[Data below]
=-=-=
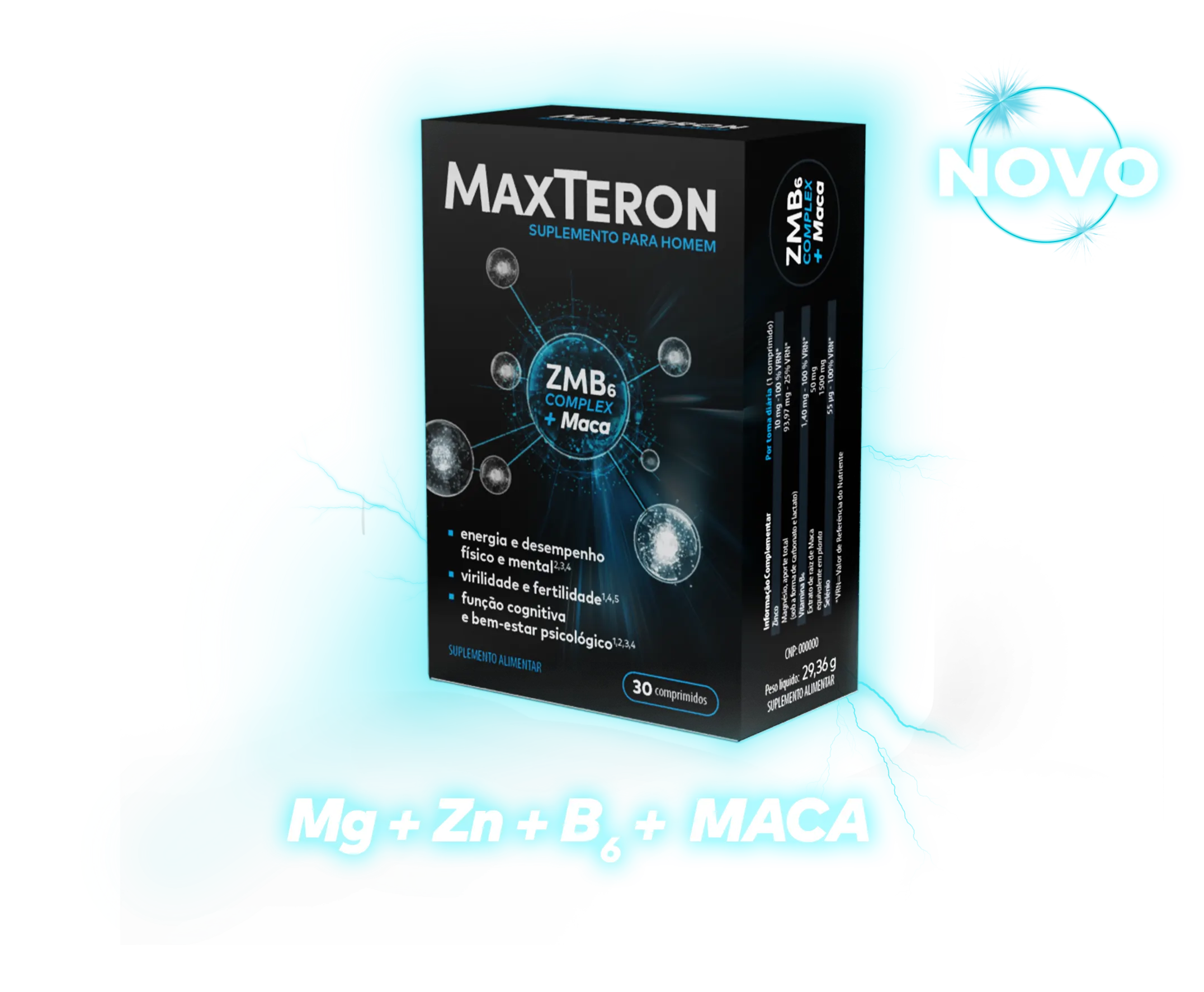 A sinergia do Zinco, Magnésio e Vitamina B6 (complexo ZMB6), presentes na formulação de MaxTeron, contribuem para apoio dos níveis de testosterona, da função muscular e do metabolismo energético.
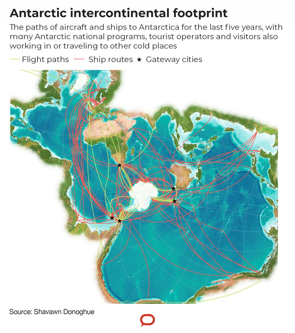 We tend to think Antarctica is isolated and far away — biologically speaking, this is true. But the continent is busier than you probably imagine, with many national programs and tourist operators crisscrossing the globe to get there.
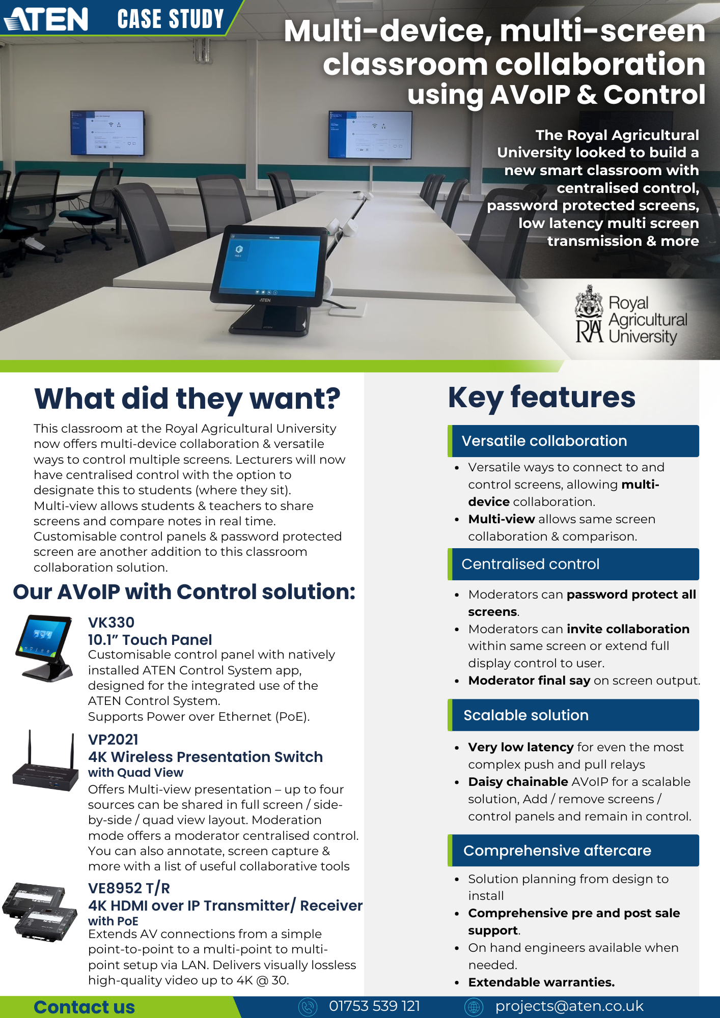 The Royal Agricultural University is at the forefront of agricultural education and a key contributor to the land-based sector for 180 years. With more than 1,100 students they required a low latency classroom collaboration solution with centralised control.
=-=-=
[Task instructions] Line for line, retype the material exactly, omitting any pictures.

[Exercise output]
 A sinergia do Zinco, Magnésio e Vitamina B6 (complexo ZMB6), presentes na formulação de MaxTeron, contribuem para apoio dos níveis de testosterona, da função muscular e do metabolismo energético.
 We tend to think Antarctica is isolated and far away — biologically speaking, this is true. But the continent is busier than you probably imagine, with many national programs and tourist operators crisscrossing the globe to get there.
 The Royal Agricultural University is at the forefront of agricultural education and a key contributor to the land-based sector for 180 years. With more than 1,100 students they required a low latency classroom collaboration solution with centralised control.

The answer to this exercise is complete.